Minimally invasive correction of mitral valve defects from right-sided minithoracotomy under ‘direct vision control’
Abstract
Purpose: To evaluate the immediate results of mitral defect correction from right sided lateral minithoracotomy.
Materials and Methods: From August 2021 to September 2023, 30 patients with mitral valve defects underwent surgical correction of mitral defect through right sided lateral minithoracotomy under direct visual control.

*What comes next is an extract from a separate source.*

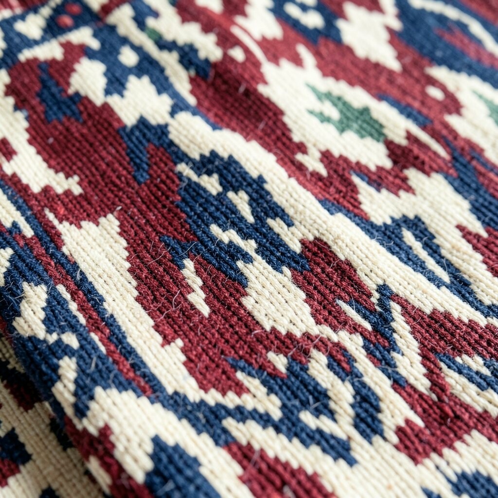 Ikat is a pattern with an exotic flair, known for its blurred, tie-dye effect. It’s like painting with threads.
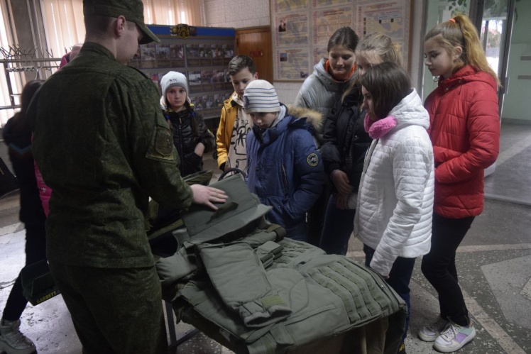 Военные инженеры рассказали гостям о службе в армии, о повседневной жизни, быте и учебе солдат, проходящих срочную военную службу. Ребята посетили солдатскую столовую, клуб, парк боевых машин. Учащимся был показан защитный костюм сапера, продемонстрирован металлоискатель, костюм водолаза, который весит 80 кг. Ребята с большим удовольствием посмотрели на работу служебных собак.

The indications for the minimally invasive approach were the presence of mitral valve defect without concomitant coronary artery disease requiring revascularisation, absence of aortic insufficiency of more than 1 degree. Among the operated patients there were 19 (63,3%) women and 11 (36,7%) men. The mean age was 48.1±18.8 years. Body mass index was 24.8±6.3 kg/m. The insufficiency was a haemodynamic variant of the defect in 27 patients (90%).
Results: The mean volume of postoperative blood loss was 272±87 ml. The mean time on ALV was 8±3 hours. The mean time in the intensive care unit was 22.6±15.3 hours. There were no repeated interventions and transfusion of blood components in the group of operated patients. There was no hospital mortality, AMI and ACVA among the operated patients. There was no surgical site infection, lymphorrhoea. Pneumothorax requiring drainage was detected in one (3.3%) case. A first-time paroxysm of heart rhythm disturbance (atrial fibrillation/flutter) was recorded in 7 (23%) patients. The average time of hospital stay was 11,9±7 days.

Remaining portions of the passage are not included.